Tuesday, October 05, 2010

On Minimum Wage

I was surprised to see The Atlantic Wire pick up a "controversy" brewing about minimum wage. Some Republican candidates--Tea Party brand-- have made some comments about abolishing or reducing the minimum wage. Democrats are apparently picking up on it as "political death wishes."

We've been discussing price ceilings in the current unit of Principles of Microeconomics. Minimum wage increased in the middle of our recession and the result, as illustrated here, was an increase in teenage unemployment above what it would likely have been even due to the recession.

Here's a simple illustration from our campus:
We only have so much room in our operating budget to spend on student workers. Most of the jobs aren't very productive or difficult--many are work/study who spend most of their time studying or playing on Facebook while getting on paid to be on call to do odd jobs for their department. We have a lot of students willing to be paid less than $7.25/hour for doing this but the government says they don't have that freedom.

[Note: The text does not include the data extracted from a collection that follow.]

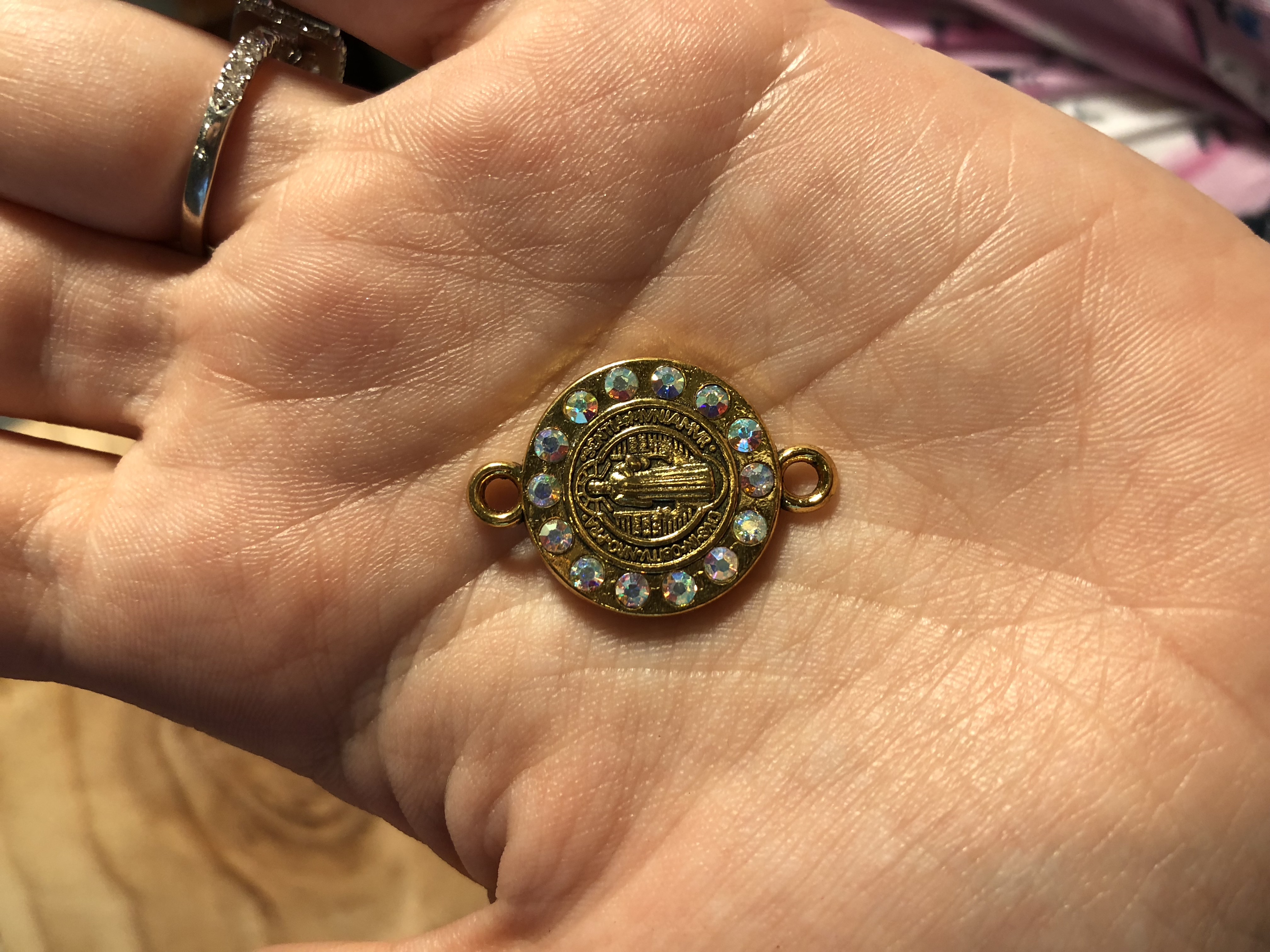 New charm- it is a gold san benito charm with iridescent rhinestones surrounding it. It can be threaded with any of our threading colors. Please make sure to include that into your comments at the end when checking out.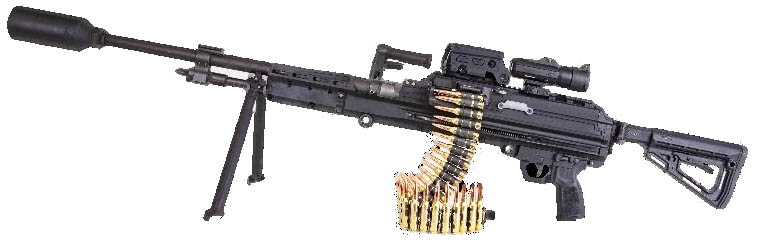 不过问题的关键也是弹药。.338 NM弹的重量(702格令/45.5克)是7.62 NATO弹(370格令/24克)的两倍,而LWMMG弹链链节(8克)的重量也是M13链节(4克)的两倍。.338 NM弹的尺寸也比较大,随枪的一个容纳50发弹链的软式弹袋就已经比M60、Mk48或M240的100发弹链袋要大,而且尺寸接近于Mk48的200发弹链袋。这样的尺寸和重量,也限制了LWMMG的弹药携带数量。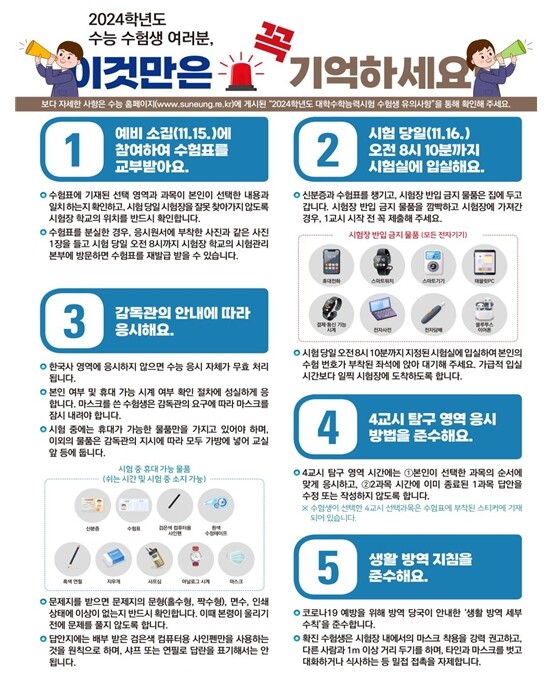 올해는 킬러문항이 배제된 수능 원년으로 교육부는 11월 16일에 실시될 2024학년도 대학수학능력시험 유의사항을 수능 홈페이지에 7일 게시했다.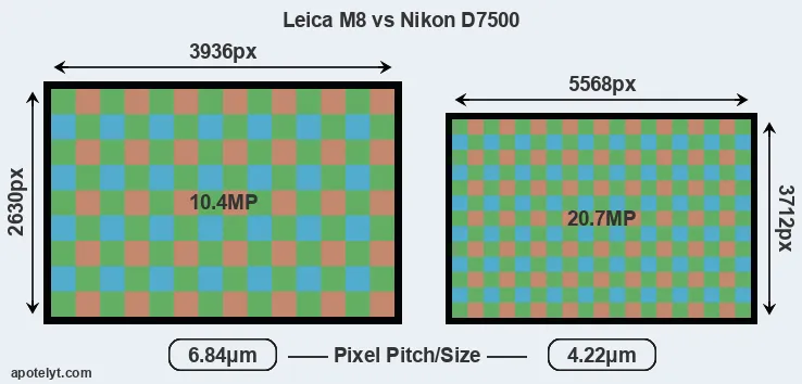 Despite having a smaller sensor, the D7500 offers a higher resolution of 20.7 megapixels, compared with 10.4 MP of the M8. This megapixels advantage comes at the cost of a higher pixel density and a smaller size of the individual pixel (with a pixel pitch of 4.22μm versus 6.84μm for the M8). However, it should be noted that the D7500 is much more recent (by 10 years and 7 months) than the M8, and its sensor will have benefitted from technological advances during this time that make it possible to gather light more efficiently. Coming back to sensor resolution, it should be mentioned that neither of the two cameras has an anti-alias filter installed, so they are able to capture all the detail the sensor resolves.
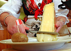 丸いチーズを半分に切って、火であぶって溶かす。ジャガイモとピクルスで食べるチーズのラクレットは、寒い冬に好まれるスイスの郷土料理。ラクレットと名づけられるのは、ヴォー州産のみとする決定が連邦農業局によりこのほど、下された。
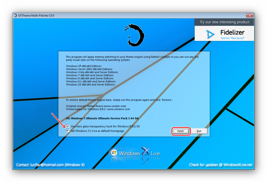Если же вы хотите сильнее изменить свою операционную систему то обязательно сделайте точку восстановления или еще лучше образ системного диска. Затем нужно пропатчить три системных файла и внимательно следовать инструкции приложенной к теме.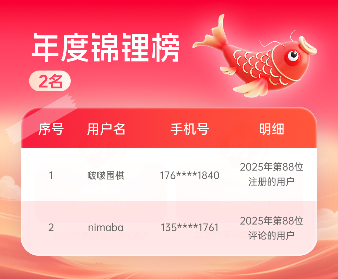 运气也是一种实力,有两位与年终告别应了景,当选年度锦鲤。一位2025年第88位注册,另一位2025年第88位评论。2026年,继续好运连连~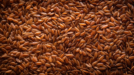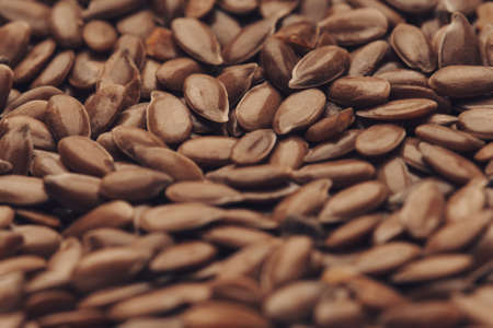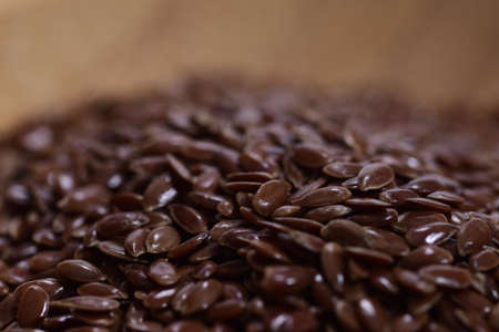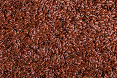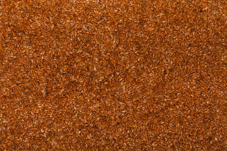 Close up of flaxseed linseed as brown red food background or grain texture. Diet and nutrition.

If we could pay them less than $7.25, we could afford to hire many more than we do. So, we have a lot more applicants than jobs, or structural unemployment.

Some "progressives" find the minimum wage abhorrently low and would criticize SBU for paying it. Indeed, we could increase the wage paid to our work/study, but that means hiring even fewer students (increasing unemployment). Nancy Pelosi has unpaid workers (interns) in her office and no one raises a stink about that.

So, I hope some of these Republican candidates make this a teachable moment. It's not that hard.